The California State Supreme Court, in what could become a landmark case, has been asked to hear a challenge to a portion of the state’s nearly four year-old anti-spam law dealing with the labeling of unsolicited commercial e-mails.
A decision whether the court will hear the case is expected within the next 60 days. But the decision will set a legal precedent in the state, and could end up being cited in challenges to similar provisions in other state laws.
The measure requires that unsolicited commercial e-mails sent to Californians to be labeled as advertisements, or, in the case of sex-oriented materials, to be labeled as adult.
The challenge was filed by two firms: Palo Alto-based Friendfinder Inc., and Conru Interactive, and their owner Andrew Conru.
Conru and his lawyer, Ira Perry Rothkin contend that the law has usurped the federal government’s authority to regulate interstate commerce under the Commerce Clause of the U.S. Constitution.

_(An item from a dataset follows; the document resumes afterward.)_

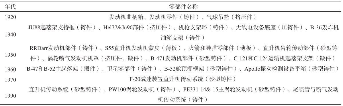 表1 國(guó)內(nèi)常用鎂合金微觀組織與材料特性 2、鎂合金典型應(yīng)用 自1929年推出AZ91,鎂合金的工業(yè)化應(yīng)用才算是得到了實(shí)質(zhì)性的進(jìn)展。自20世紀(jì)20年代鎂合金就開(kāi)始在賽車(chē)上進(jìn)行了應(yīng)用性嘗試,德國(guó)大眾甲殼蟲(chóng)汽車(chē)自1939年就開(kāi)始采用壓鑄鎂合金曲軸箱,截止到1980年共生產(chǎn)了1 900萬(wàn)輛,鎂合金制品總用量高達(dá)38萬(wàn)噸。汽車(chē)領(lǐng)域鎂合金主要用于制造殼體、電力系統(tǒng)、動(dòng)力系統(tǒng)等部件,減重效果見(jiàn)表2。汽車(chē)用鎂合金的典型服役部件與材料牌號(hào)見(jiàn)表3,表4所示為鎂合金在航空航天領(lǐng)域的應(yīng)用。
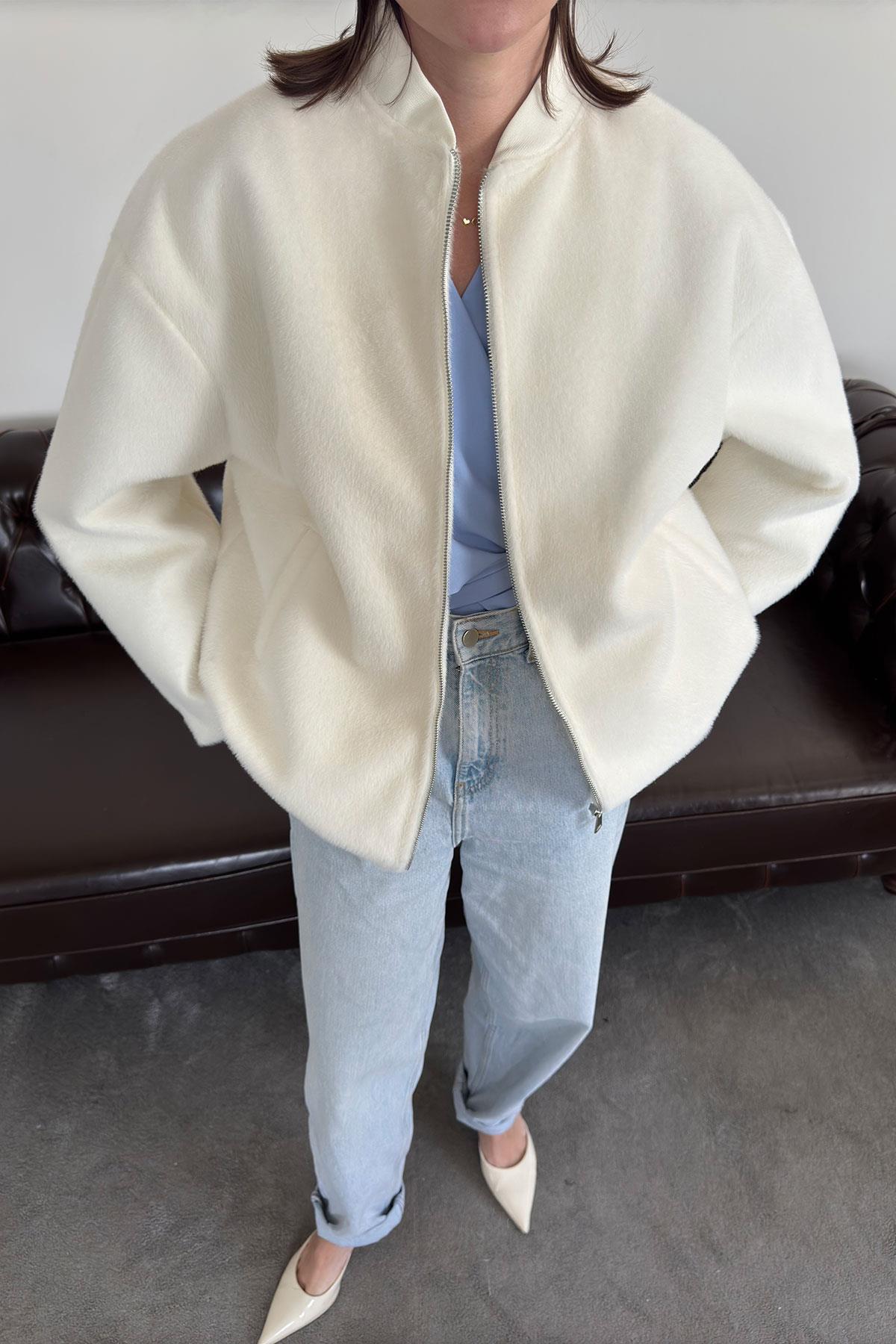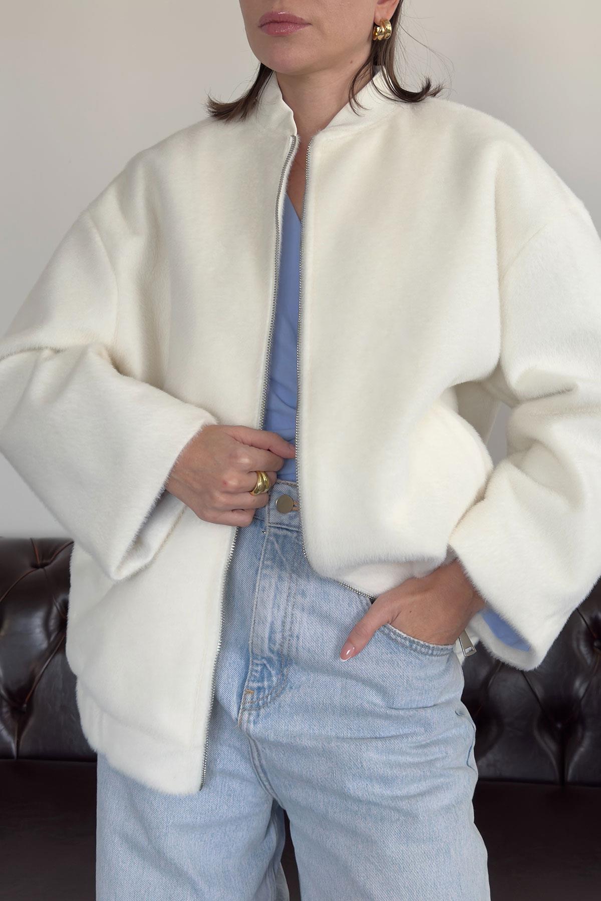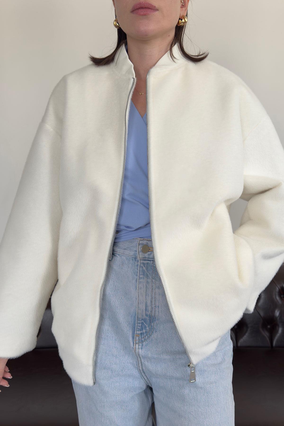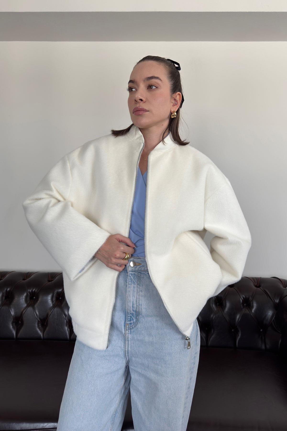 Fermuarlı Kürk Bomber Ceket- EKRU (MSY1170-139)

The case began three years ago when Californian Mark Ferguson sued Conru and his companies for sending him unsolicited commercial e-mails without the required labeling. A year later, the labeling section of the law was held unconstitutional by the trial judge in the San Francisco Superior Court.
But late last year, a three-judge appeals court overturned that decision saying that the law did not interfere with interstate commerce, and that it applied “only when unsolicited e-mail is sent to a California resident by means of an electronic mail service provider who has equipment in the state.”
Rothkin argued in his petition that the appellate court “set up and knocked down straw-target rationales that are not involved in this case.” He also claimed that the law fails to “incorporate necessary geographical limitations, and that it regulates commerce taking place entirely outside California.”